By any measure, Aaron Judge is in the middle of a fantastic season that will land him in the All-Star Game next month and earn him MVP votes after the season. Both versions of WAR have him as a top five position player, and, simply put, Judge has been the best player on the team with the best record in baseball. He’s been incredible.
Also, by almost any measure, Judge is having an inferior season to last season, when he set a new rookie home run record and led all players — position players and pitchers, rookies and veterans — in the FanGraphs version of WAR. The numbers:
- 2017: .284/.422/.627 (173 wRC+)
- 2018: .277/.397/.553 (158 wRC+)
Aaron Judge is great! He has been slightly less great this year than last year, that’s all. And that’s not the most surprisingly thing in the world, is it? Judge was so outrageously good last year that it would’ve been real tough to maintain or even improve on that performance.

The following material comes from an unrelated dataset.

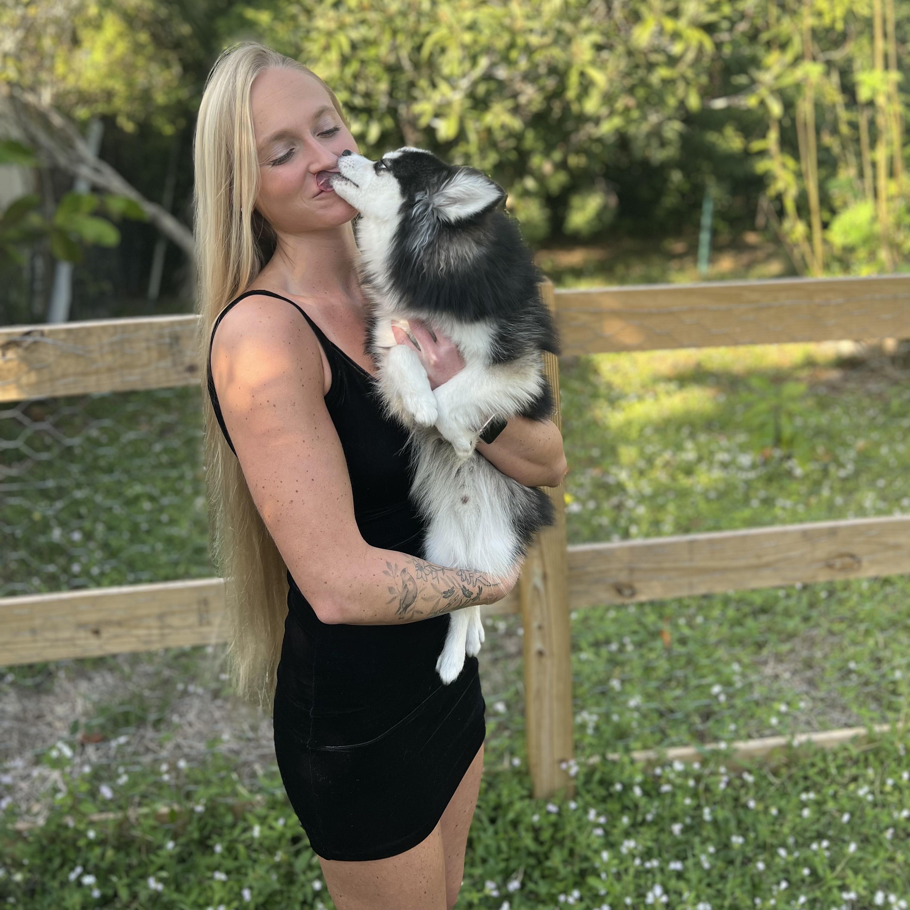 I fell in love with the Pomsky breed the minute I brought my first Pomsky home. From that moment on I began educating myself on responsible breeding and sought guidance from my now mentor, who I am extremely grateful to have by my side. When I met my now husband my passion for dogs was matched and we became a team filled with ambition to build a great breeding program.
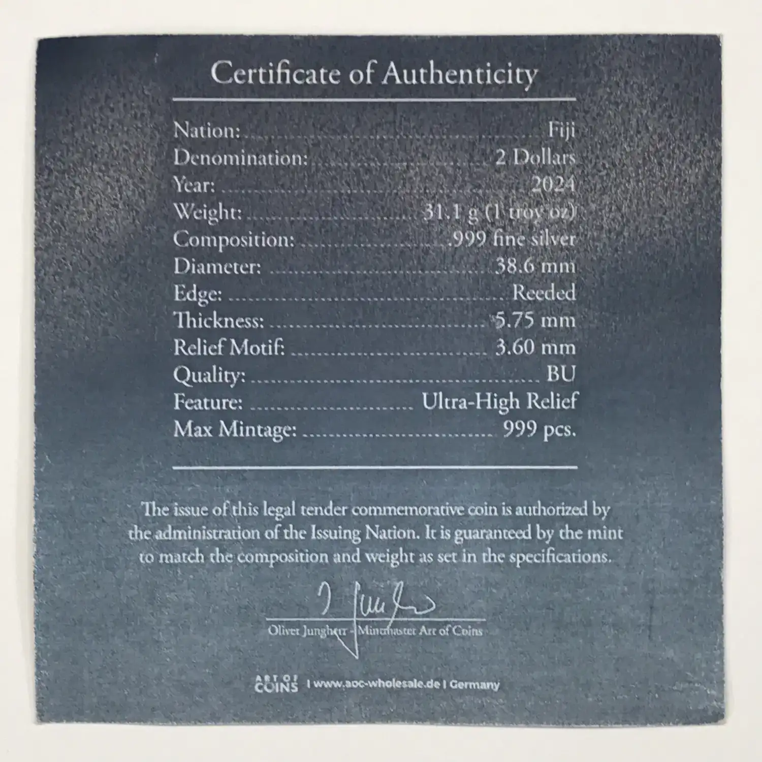 2024 John F Kennedy Ultra High Relief Fiji 1 oz Silver $2 w Box & COA - mintage 999

Going into last night’s game Judge was hitting .244/.333/.500 (122 wRC+) in June after managing a .291/.421/.582 (173 wRC+) batting line in the season’s first two months. A down June isn’t the end of the world — and of course a down June for Judge is a great month for most players — though I have noticed pitchers have been attacking him differently in recent weeks. Specifically, pitchers are starting to crowd him inside.
Here are heat maps showing the pitch locations Judge has seen each month so far this season. This is everything (righties, lefties, fastball, breaking balls, etc.) because it’s seemed to me everyone is doing it. Righties and lefties are pitching him inside with a variety of pitches. It not just right-handed fastballs or something like that. The heat maps:
The dark red splotch, which represents where pitches are most heavily concentrated, has gradually shifted from the outside corner to the inner half this season. It is entirely possible this is all sample size noise. There are only 20-something games in a given month and hey, maybe the Yankees just so happened to see a lot of pitchers this month who are comfortable pitching in on righties. It happens.
That is possible, sure, though I think this is more likely the league is making an adjustment to Judge. Last year they started attacking him with high fastballs, it worked for a while, and eventually Judge adjusted back. Now they’re pitching him inside. Judge is a big dude with long arms and massive power. Teams don’t want him extending those arms, so they’re now going inside. Makes sense, right?
Given the relative drop in production this month, crowding Judge inside seems to be working to some degree. More important than the batting line though is the change in Judge’s batted ball profile. He’s been pulling a ton of ground balls to the left side of the infield in June. Look at this:
Judge’s ground ball rate went from 33.3% in April to 49.2% in May to 51.9% in June. Those last two numbers are the two highest single-month ground ball rates of his career. Judge’s pull rate has gone from 38.1% in April to 41.3% in May to 51.9% in June. Judge pulled 53.8% of balls in play last April, otherwise in no month has he ever pulled as many balls as he has in June. His career is relatively young, though right now he’s pulling more grounders than ever before.
Because he had the shoulder surgery over the winter, any significant change in batted ball profile is a red flag, though in this case it seems obvious to me the uptick in pulled grounders stems from pitchers attacking Judge inside. They’re crowding him inside, he can’t extend his arms, and the result is a bunch of (hard hit) grounders to the left side. I’d be more worried if Judge were being pitched the same way and still pulling everything on the ground. (His 53.7% hard contact rate this month is excellent, so hitting the ball hard isn’t a concern.)
I’m not hitting coach and I have no idea how Judge can counteract the sudden bevy of inside pitches. Moving off the plate a tad could work, though that’ll make him more susceptible to pitches away. Whatever the solution, I trust that Judge will figure it out. He’s a great hitter who’s shown, really since the day he was drafted, that he has incredible aptitude for making adjustments. It might not happen quick, but I trust that it’ll happen eventually. And once it does, pitchers will come up with another way to attack him. It’s all part of the cat-and-mouse game of baseball.